PROBLEM REQUIREMENTS - Look through the data below for the line with "One 1888 NGC" and the line with "- 従来の台付精密スコヤは、", then transcribe exactly from the first through the second, leaving out all pictures.

DATA EXCERPTS -

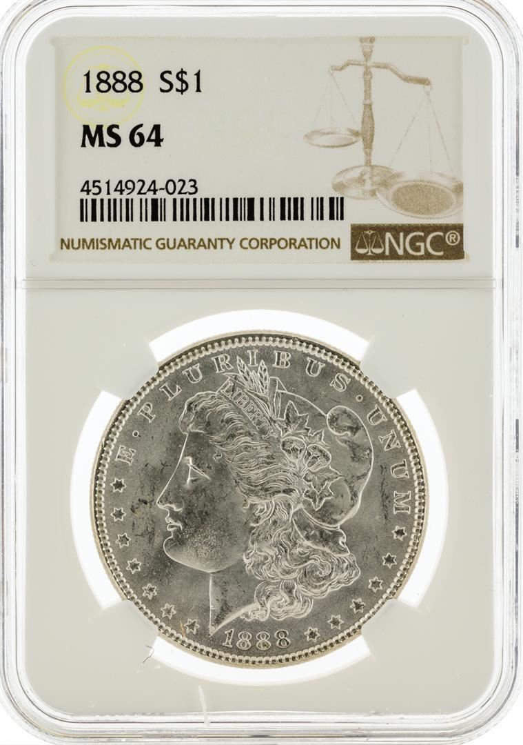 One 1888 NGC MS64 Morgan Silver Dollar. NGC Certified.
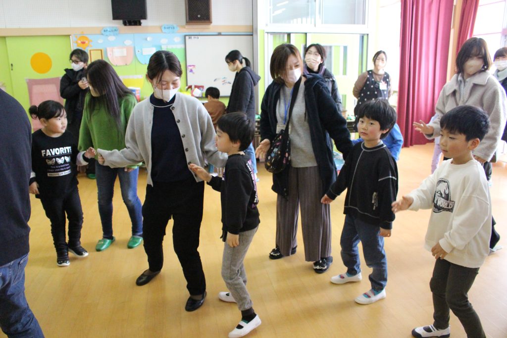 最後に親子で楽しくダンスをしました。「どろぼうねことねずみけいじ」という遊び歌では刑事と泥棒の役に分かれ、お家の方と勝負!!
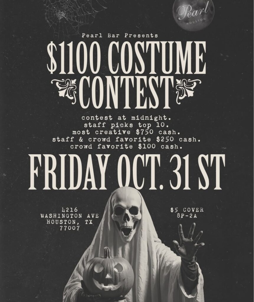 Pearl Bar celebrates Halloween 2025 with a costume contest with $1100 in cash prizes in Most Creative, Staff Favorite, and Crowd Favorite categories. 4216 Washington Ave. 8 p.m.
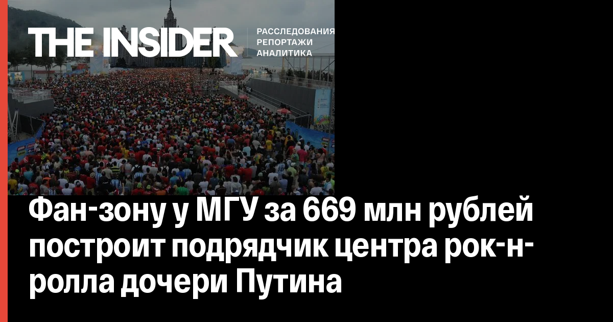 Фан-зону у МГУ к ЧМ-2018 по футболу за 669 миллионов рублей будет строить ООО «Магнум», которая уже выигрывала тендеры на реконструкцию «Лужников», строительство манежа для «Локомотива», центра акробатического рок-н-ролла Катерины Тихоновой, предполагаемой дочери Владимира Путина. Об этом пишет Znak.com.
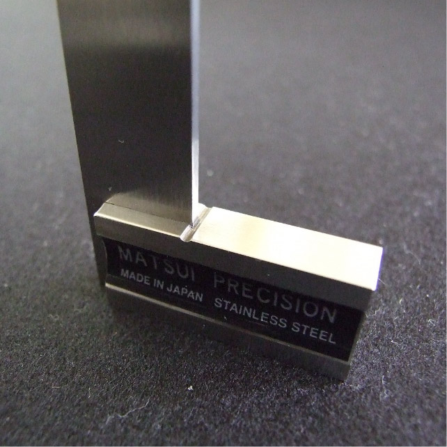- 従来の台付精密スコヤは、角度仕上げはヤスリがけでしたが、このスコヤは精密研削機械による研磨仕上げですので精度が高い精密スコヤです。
==
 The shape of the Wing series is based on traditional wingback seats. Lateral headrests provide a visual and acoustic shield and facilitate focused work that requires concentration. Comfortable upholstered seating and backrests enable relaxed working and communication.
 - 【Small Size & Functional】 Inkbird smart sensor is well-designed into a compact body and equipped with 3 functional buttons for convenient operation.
...
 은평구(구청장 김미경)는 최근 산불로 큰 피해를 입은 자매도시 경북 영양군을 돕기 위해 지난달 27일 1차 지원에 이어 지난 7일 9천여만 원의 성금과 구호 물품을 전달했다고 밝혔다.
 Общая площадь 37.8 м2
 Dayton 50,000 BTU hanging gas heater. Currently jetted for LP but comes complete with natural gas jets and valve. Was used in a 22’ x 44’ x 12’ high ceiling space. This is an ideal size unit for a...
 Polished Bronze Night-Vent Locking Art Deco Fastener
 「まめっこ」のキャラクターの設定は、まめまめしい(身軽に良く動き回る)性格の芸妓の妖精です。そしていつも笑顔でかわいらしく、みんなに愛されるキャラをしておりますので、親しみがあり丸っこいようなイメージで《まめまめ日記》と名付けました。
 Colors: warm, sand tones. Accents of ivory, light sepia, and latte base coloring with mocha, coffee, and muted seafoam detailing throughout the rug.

TASK RESPONSE -
 One 1888 NGC MS64 Morgan Silver Dollar. NGC Certified.
 最後に親子で楽しくダンスをしました。「どろぼうねことねずみけいじ」という遊び歌では刑事と泥棒の役に分かれ、お家の方と勝負!!
 Pearl Bar celebrates Halloween 2025 with a costume contest with $1100 in cash prizes in Most Creative, Staff Favorite, and Crowd Favorite categories. 4216 Washington Ave. 8 p.m.
 Фан-зону у МГУ к ЧМ-2018 по футболу за 669 миллионов рублей будет строить ООО «Магнум», которая уже выигрывала тендеры на реконструкцию «Лужников», строительство манежа для «Локомотива», центра акробатического рок-н-ролла Катерины Тихоновой, предполагаемой дочери Владимира Путина. Об этом пишет Znak.com.
- 従来の台付精密スコヤは、角度仕上げはヤスリがけでしたが、このスコヤは精密研削機械による研磨仕上げですので精度が高い精密スコヤです。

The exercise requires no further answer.